_About this exercise:_ An exact copy of all the data below is needed, without its pictures.

(Data entries)

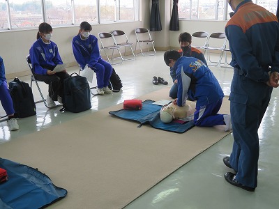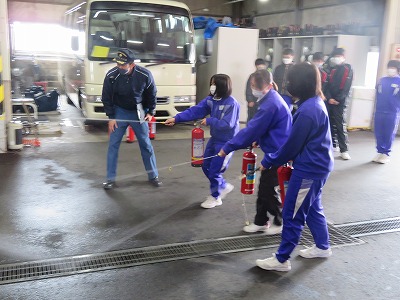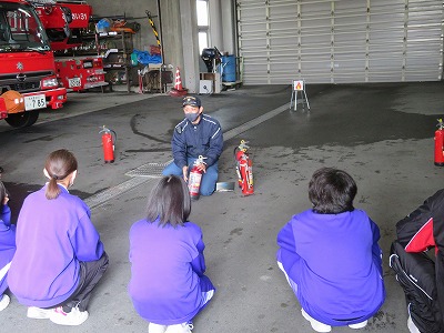 市が所有するバスをお借りして、1日1クラスずつ愛西市消防本部へ出かけ、消火器訓練、救命講習、ロープ結索法などを教えてもらいました。今年度はコロナ禍のため野外活動に出かけることができませんでしたが、生きて働く力をつける体験学習を何とか実施しようという学年の思いが、このような形になりました。
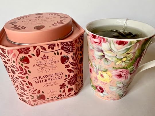 And I'm happy to report this is "Strawberry Milkshake for Grown-ups" tea! The oolong flavor is what I detected most, then the strawberry, and not much "milk." It was quite an unexpected pairing of flavors, and I'm a fan! Have any of you tried this one?
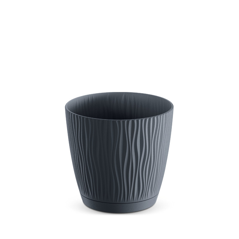 A Sandy kollekció antracit színű virágtartója egyedi, függőleges hullámmintázatával a sivatagi homokdűnék természetes szépségét idézi. A modern formatervezés és a praktikus kialakítás tökéletes összhangot teremt, miközben a beépített önzáró alátétrendszer megakadályozza a felesleges vízkifolyást.
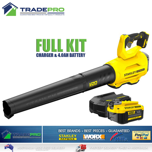 Stanley® Fatmax 18V V20 Cordless Blower Kit Leaf Grass Garden & Battery 4.0AH
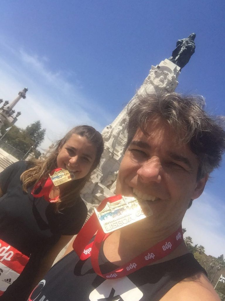 Para mim, um presente, um milagre, uma emoção ! Para Maria Clara, a sensação foi de superação. Ela se achou que foi rápida demais, pois, nos treinos longos que fizemos, era demasiadamente chato permanecer correndo depois de 1h30m…. mesmo com as lindas paisagens do Rio…. Mas Lisboa tem o lindo Mosteiro dos Jerônimos ao fundo.
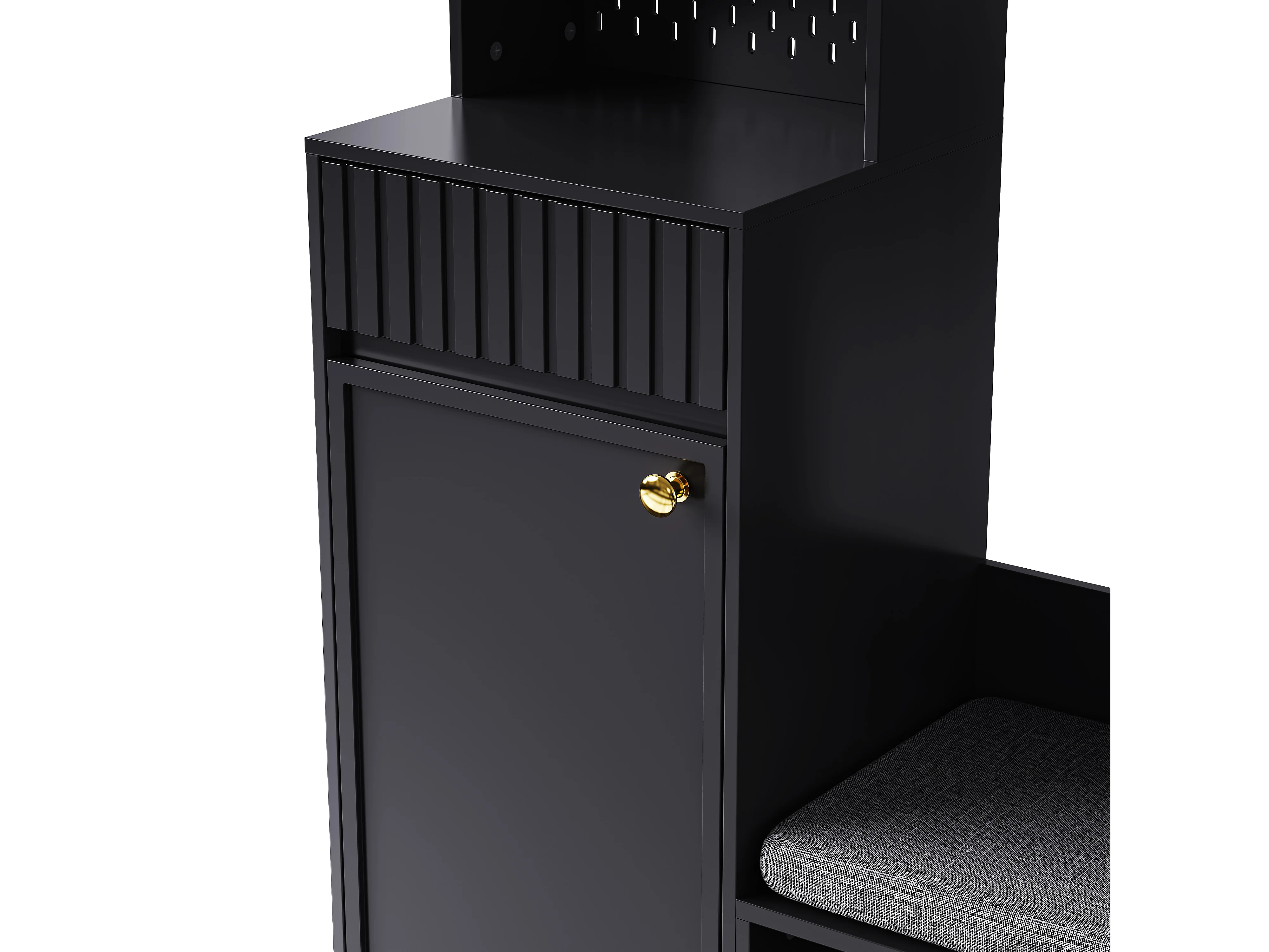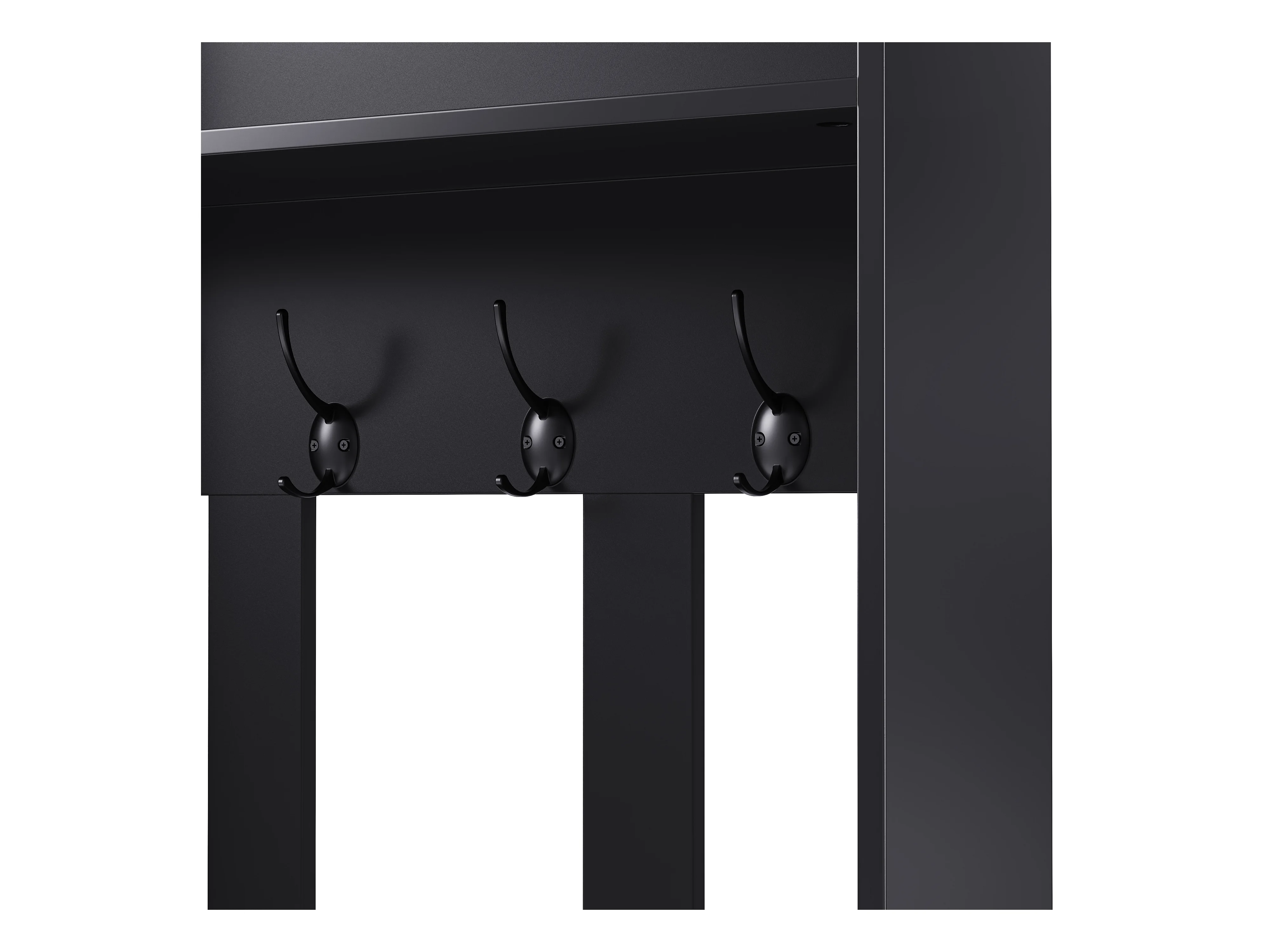 Vestiaire d'entrée moderne - avec 4 crochets, 2 portes et 1 tiroir - avec banc et étagères ouvertes - Noir
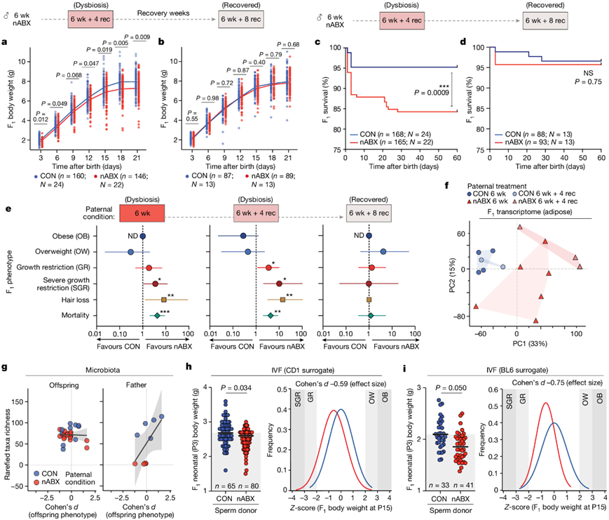 后代表型与其父代的微生物群相关,而不是其自身的微生物群(图2g),一些特定的分类群显示出优先关联。与对照组相比,来自体外受精 (IVF)子代小鼠出生体重显著降低,SGR发生率升高(图2h)。使用BL6受体母鼠(相对较差)进行独立IVF, 来自nABX组小鼠精子产生的F1出生体重差异更大(图2i)。
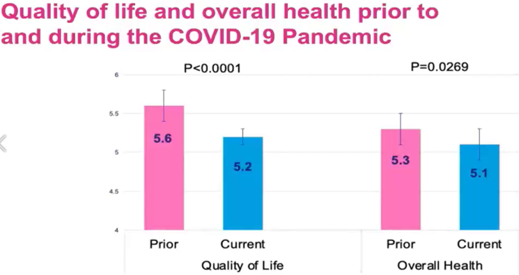 在2020年3月1日至2020年6月30日期间,对在纽约西奈山医院门诊中心接受护理的所有患者进行了34个问题的调查。在通过RedCap在线或在诊所通过打印版问卷接受调查的622名患者中,有211名(34%)完成调查。调查问题以李克特5点量表和EORTC QLQ-C30 QOL 7点量表回答。目前没有针对COVID的特定问卷,因此我们设计了几个原始问题。使用配对t检验评估大流行之前和结束时的平均QOL得分差异。
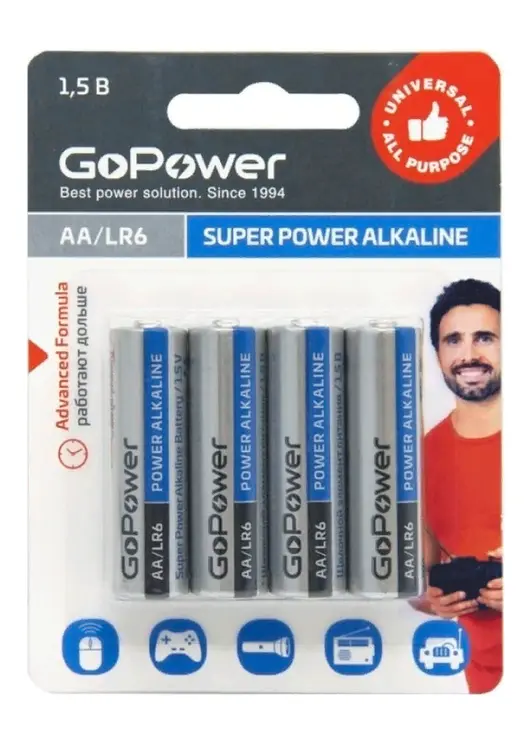 Батарейка GoPower LR6 AA BL4 Alkaline 1.5V 00-00015601 универсального назначения, она идеально подходит для большинства современных устройств. Благодаря улучшенной формуле этот элемент питания работает дольше.
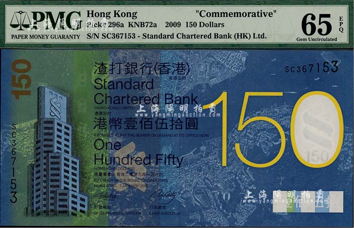 (香港)渣打银行2009年港币壹佰伍拾圆,纪念渣打银行成立150周年,全新
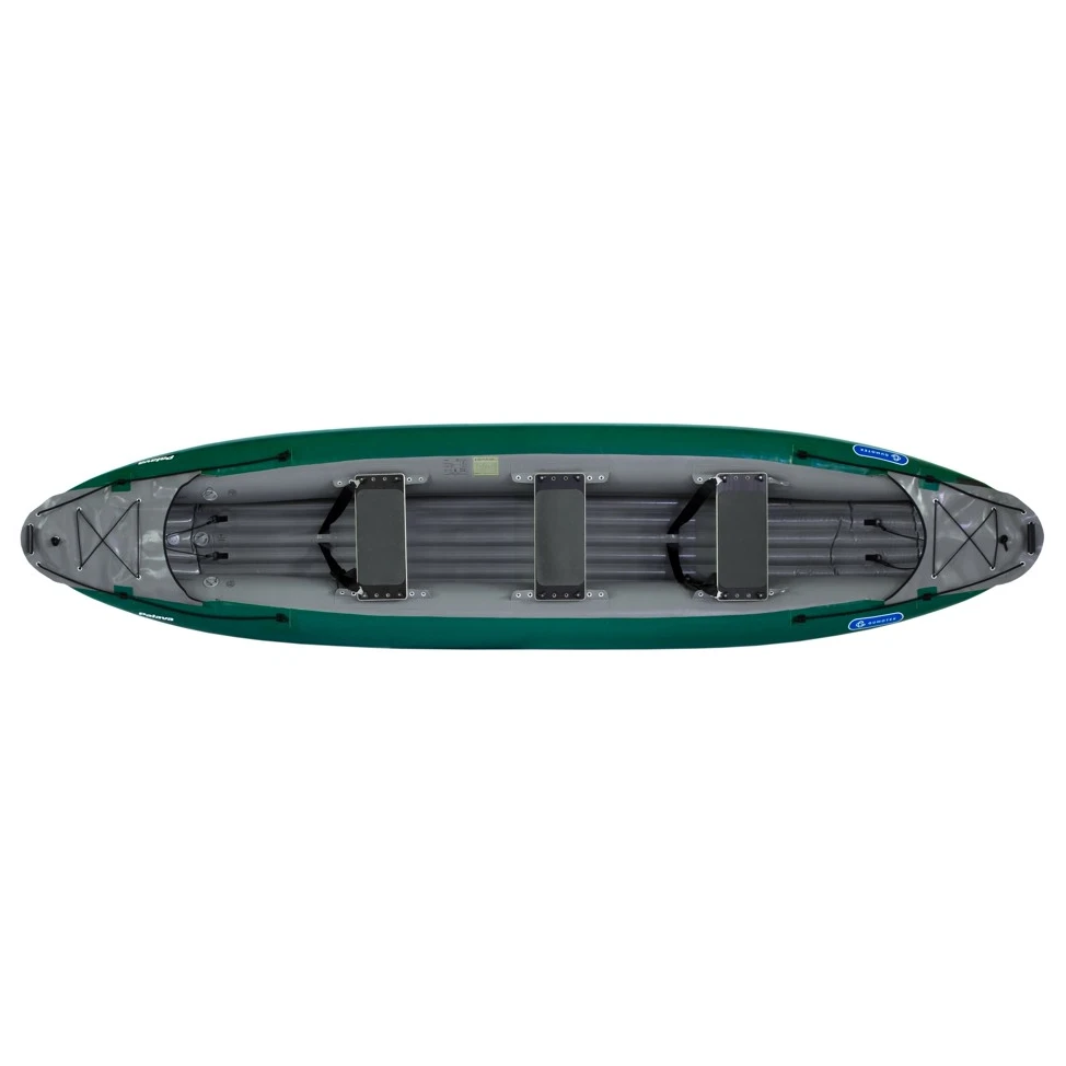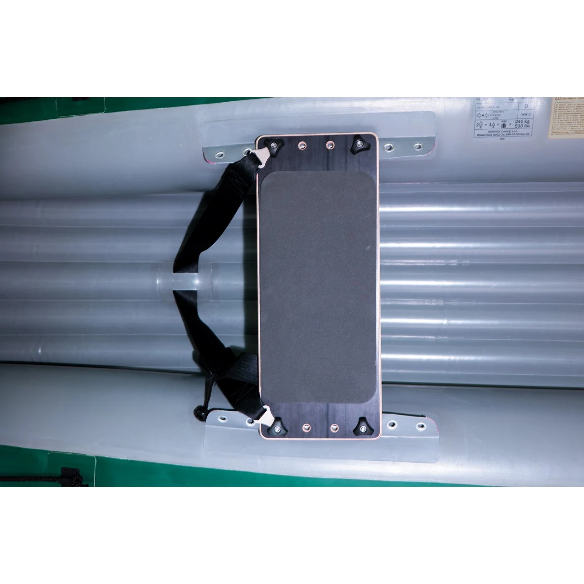 Praktische Tragegriffe an Bug und Heck zum bequemen Tragen des Bootes. Für Komfort sorgen Sitze aus wasserfestem Sperrholz mit COMFORT PAD PE-Schaum. Selbstverständlich sind Sicherungsseile am Bug und Heck, Schenkelgurte mit Sicherheitsschnalle und elastische Seile zur Gepäcksicherungvorhanden. Außerdem verfügt das Boot über variable Halterungen für Gepäck oder einen dritten Sitzplatz.

_Response below:_
 市が所有するバスをお借りして、1日1クラスずつ愛西市消防本部へ出かけ、消火器訓練、救命講習、ロープ結索法などを教えてもらいました。今年度はコロナ禍のため野外活動に出かけることができませんでしたが、生きて働く力をつける体験学習を何とか実施しようという学年の思いが、このような形になりました。
 And I'm happy to report this is "Strawberry Milkshake for Grown-ups" tea! The oolong flavor is what I detected most, then the strawberry, and not much "milk." It was quite an unexpected pairing of flavors, and I'm a fan! Have any of you tried this one?
 A Sandy kollekció antracit színű virágtartója egyedi, függőleges hullámmintázatával a sivatagi homokdűnék természetes szépségét idézi. A modern formatervezés és a praktikus kialakítás tökéletes összhangot teremt, miközben a beépített önzáró alátétrendszer megakadályozza a felesleges vízkifolyást.
 Stanley® Fatmax 18V V20 Cordless Blower Kit Leaf Grass Garden & Battery 4.0AH
 Para mim, um presente, um milagre, uma emoção ! Para Maria Clara, a sensação foi de superação. Ela se achou que foi rápida demais, pois, nos treinos longos que fizemos, era demasiadamente chato permanecer correndo depois de 1h30m…. mesmo com as lindas paisagens do Rio…. Mas Lisboa tem o lindo Mosteiro dos Jerônimos ao fundo.
 Vestiaire d'entrée moderne - avec 4 crochets, 2 portes et 1 tiroir - avec banc et étagères ouvertes - Noir
 后代表型与其父代的微生物群相关,而不是其自身的微生物群(图2g),一些特定的分类群显示出优先关联。与对照组相比,来自体外受精 (IVF)子代小鼠出生体重显著降低,SGR发生率升高(图2h)。使用BL6受体母鼠(相对较差)进行独立IVF, 来自nABX组小鼠精子产生的F1出生体重差异更大(图2i)。
 在2020年3月1日至2020年6月30日期间,对在纽约西奈山医院门诊中心接受护理的所有患者进行了34个问题的调查。在通过RedCap在线或在诊所通过打印版问卷接受调查的622名患者中,有211名(34%)完成调查。调查问题以李克特5点量表和EORTC QLQ-C30 QOL 7点量表回答。目前没有针对COVID的特定问卷,因此我们设计了几个原始问题。使用配对t检验评估大流行之前和结束时的平均QOL得分差异。
 Батарейка GoPower LR6 AA BL4 Alkaline 1.5V 00-00015601 универсального назначения, она идеально подходит для большинства современных устройств. Благодаря улучшенной формуле этот элемент питания работает дольше.
 (香港)渣打银行2009年港币壹佰伍拾圆,纪念渣打银行成立150周年,全新
 Praktische Tragegriffe an Bug und Heck zum bequemen Tragen des Bootes. Für Komfort sorgen Sitze aus wasserfestem Sperrholz mit COMFORT PAD PE-Schaum. Selbstverständlich sind Sicherungsseile am Bug und Heck, Schenkelgurte mit Sicherheitsschnalle und elastische Seile zur Gepäcksicherungvorhanden. Außerdem verfügt das Boot über variable Halterungen für Gepäck oder einen dritten Sitzplatz.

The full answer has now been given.